In FIG. 1, only the plug-in module 30 belonging to the pilot valve 21 is shown (the others are built up in a similar manner), said module 30 essentially comprising a coupling plate in the form of a rectangular circuit board 32 contained in a protective housing 31a , 31b and being provided with three contact sockets 33, 34, 35 (see also FIGS. 3a and 3b), an array of electric connections in the form of contact bridges 36, a multipolar contact means 37 for connecting to a multipolar cable contact means 38, which is connected to the connecting cable 29, as well as other electrical components, i.a. a light emitting diode for operational indication and a variator 40 for the protection against transients in the current supply of the magnet coil of the pilot valve

The contact sockets 33, 34, 35 of the plug-in module fit onto the respective flat contact pins 26, 27, 28 and serve as combined contact and suspension means for the plug-in module 30. The contact sockets 33, 34 35 are connected to the contact bridge 36 through conductors on the circuit board 32. The contact bridges are connected to the multipolar contact means 37 through conductors on the circuit board 32 (on the rear side thereof). The contact bridges 36 consist of sheet metal contact elements, which before, during or after the installation can be broken away, for example, with a screw driver or the like, so that only one or some of the signal conductors of the inter connecting cable 29 are connected to the signal contact pin of a particular pilot valve.

The multipolar contact means 37, which is located on the rear side of the circuit board 32, and the pins thereof are angled in such a way that the multipolar cable contact means 38, which is formed as a socket contact, lies flat and is parallel to the rear side of the circuit board 32 when connected.

Thus, the contact pins 26, 27, 28 of the pilot valve 21 will be connected to the earth and zero conductors of the inter connecting cable 29 after mounting of the plug-in module 30 (and breaking of the desired sheet metal contact elements of the contact bridges 36) and to one or more of the signal conductors for the desired control of the pilot valve 21 (and the other pilot valves in a corresponding manner) from a number of signal generators or a central control unit (not shown), possibly through a decoder (not shown).

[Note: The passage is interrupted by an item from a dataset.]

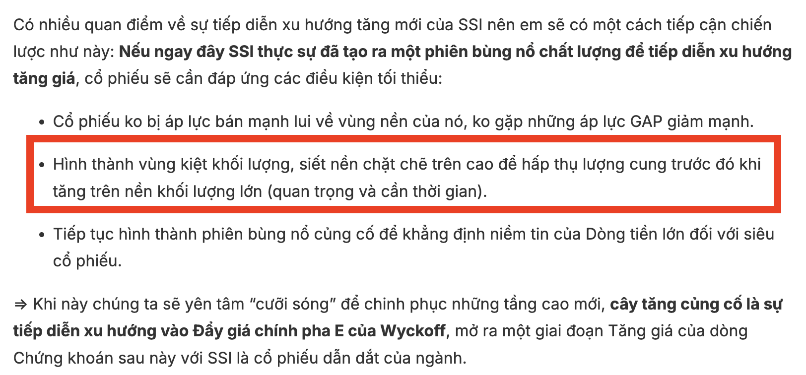 => Nguyên nhân Tích Luỹ sẽ dẫn đến Kết quả Tăng giá: đây là 1 trong 3 quy luật nền tảng của Wyckoff. Thấy được vẻ đẹp của Tích luỹ cũng chính là lúc chúng ta đã sẵn sàng để đón nhận trọn vẹn Uptrend.

As shown in FIGS. 1 and 2, the connecting cable 29 is of flat cable type, i.e. in the form of a plastic ribbon with a plurality of parallel conductors placed between surrounding strips of a synthetic material. The flexible flat cable 29 is divided into a number of portions 29a , 29b , 29c etc. connected in series (see FIG. 2), over the respective flat socket contact means 38, which portions preferably form curved loops between the plug-in-modules 30. The loop or flat cable portion 29a is connected to an ordinary multi-wire cable 42 through a connector 41.

It is obvious that the described arrangement facilitates a very simple electric connection of the pilot valves without any separate conductors having to be connected, e.g. by soldering, to the respective contact pin 26, 27, 28 or to any other contact means. The only thing that has to be done is to press the contact sockets 33, 34, 35 onto the contact pins 26, 27, 28 and to break some of the sheet metal contact elements. If an altered function is desired, the particular circuit board may be exchanged, whereby the connection to the pilot valve and the cable contact means can be made fast easy. The cable 29 is then kept intact.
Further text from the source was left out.